**Task statement:** With the pictures left out, copy the listing below exactly.

**Data block:**
┌──

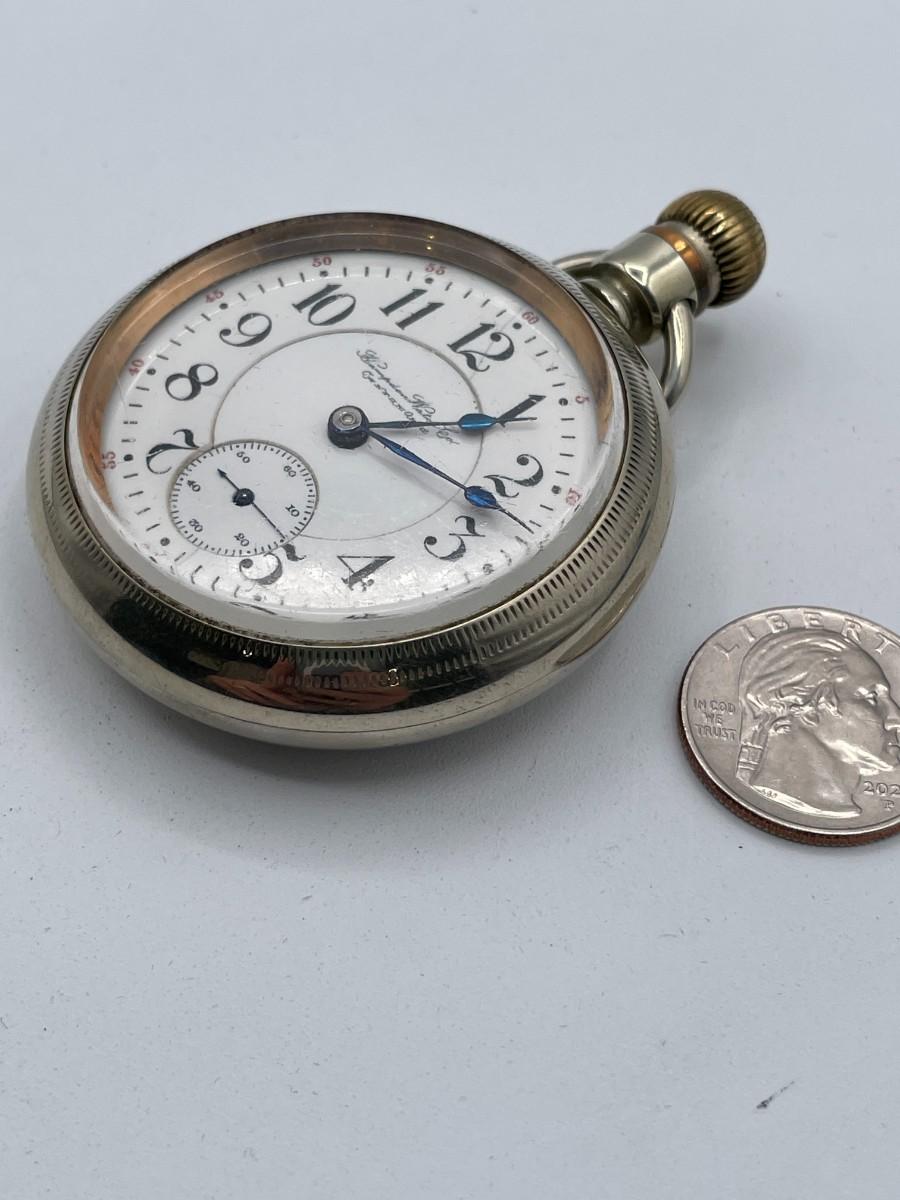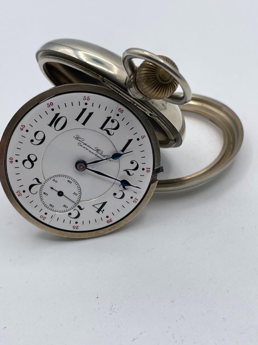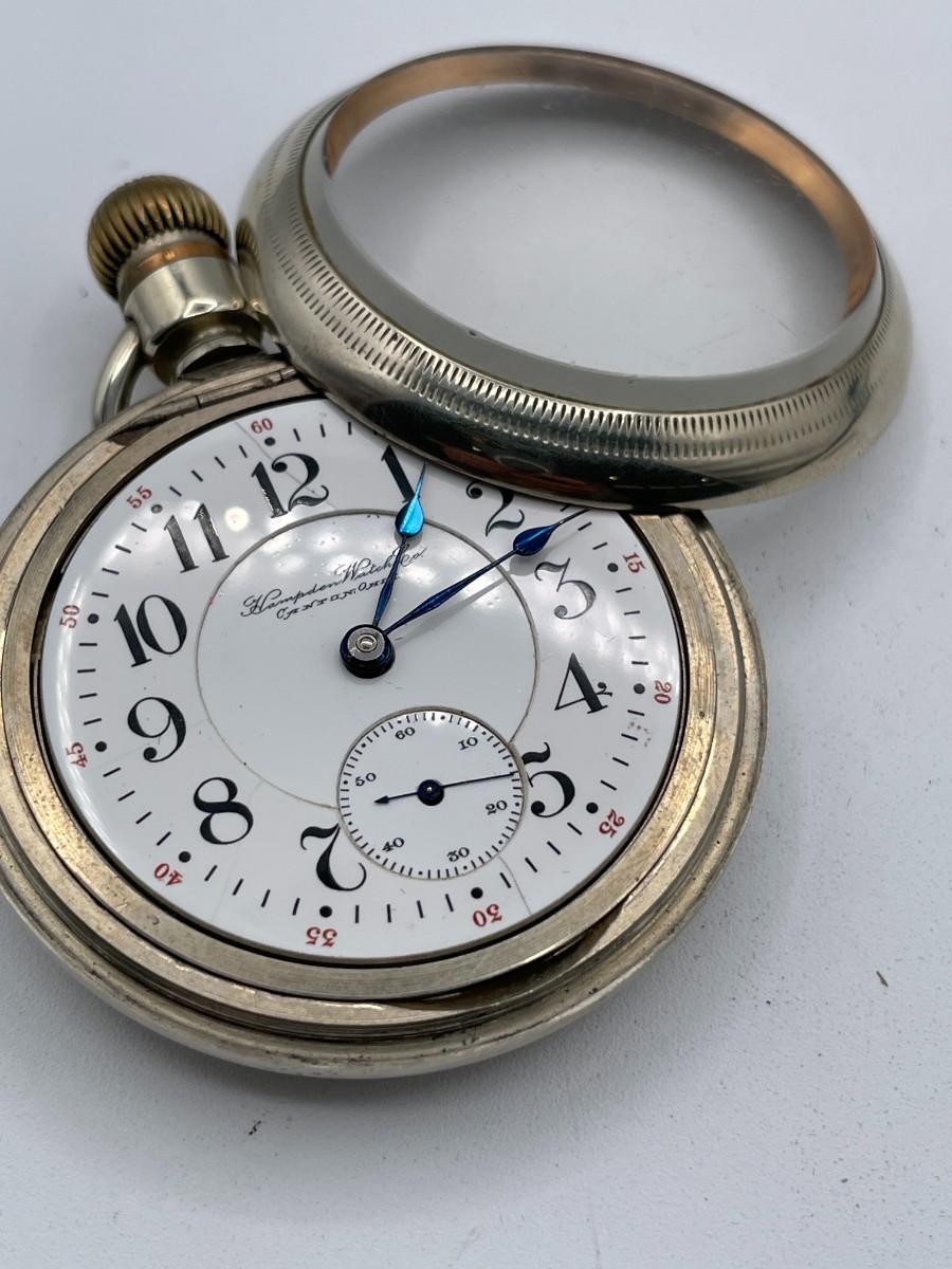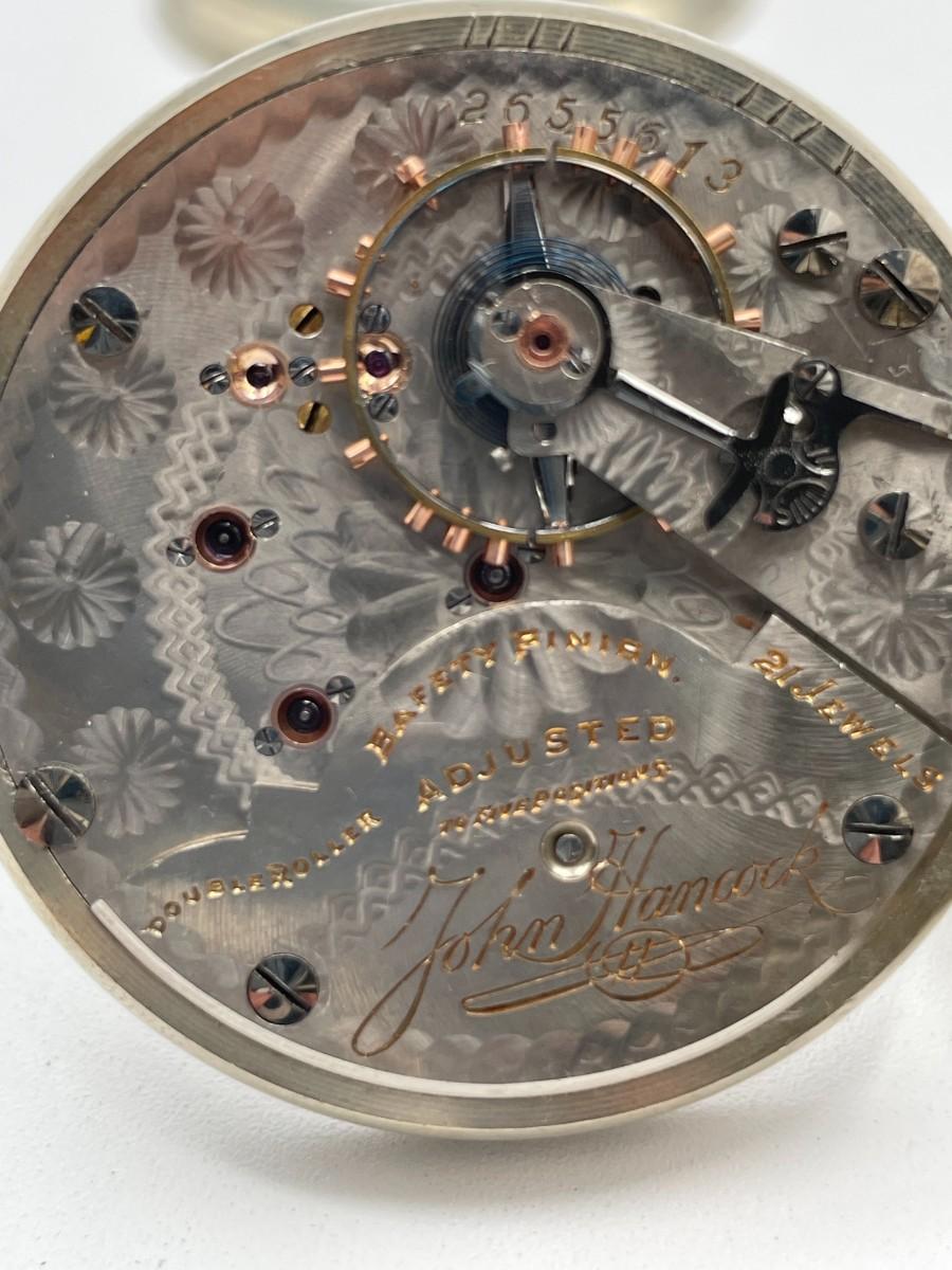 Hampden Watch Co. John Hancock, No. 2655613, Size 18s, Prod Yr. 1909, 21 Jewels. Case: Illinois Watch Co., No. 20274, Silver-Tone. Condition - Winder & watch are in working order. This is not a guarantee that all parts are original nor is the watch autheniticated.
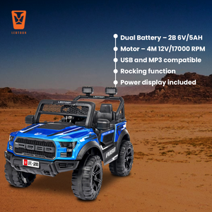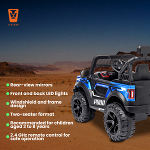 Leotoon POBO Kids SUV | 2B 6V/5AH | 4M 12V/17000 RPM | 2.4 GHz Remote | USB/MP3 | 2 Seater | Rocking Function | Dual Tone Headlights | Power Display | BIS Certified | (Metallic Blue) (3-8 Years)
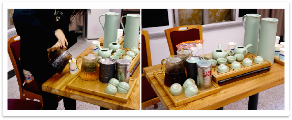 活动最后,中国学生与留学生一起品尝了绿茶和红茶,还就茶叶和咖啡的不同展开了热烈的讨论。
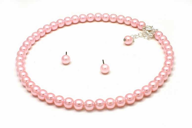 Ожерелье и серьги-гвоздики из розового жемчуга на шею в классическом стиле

└──

**Task output:**
 Hampden Watch Co. John Hancock, No. 2655613, Size 18s, Prod Yr. 1909, 21 Jewels. Case: Illinois Watch Co., No. 20274, Silver-Tone. Condition - Winder & watch are in working order. This is not a guarantee that all parts are original nor is the watch autheniticated.
 Leotoon POBO Kids SUV | 2B 6V/5AH | 4M 12V/17000 RPM | 2.4 GHz Remote | USB/MP3 | 2 Seater | Rocking Function | Dual Tone Headlights | Power Display | BIS Certified | (Metallic Blue) (3-8 Years)
 活动最后,中国学生与留学生一起品尝了绿茶和红茶,还就茶叶和咖啡的不同展开了热烈的讨论。
 Ожерелье и серьги-гвоздики из розового жемчуга на шею в классическом стиле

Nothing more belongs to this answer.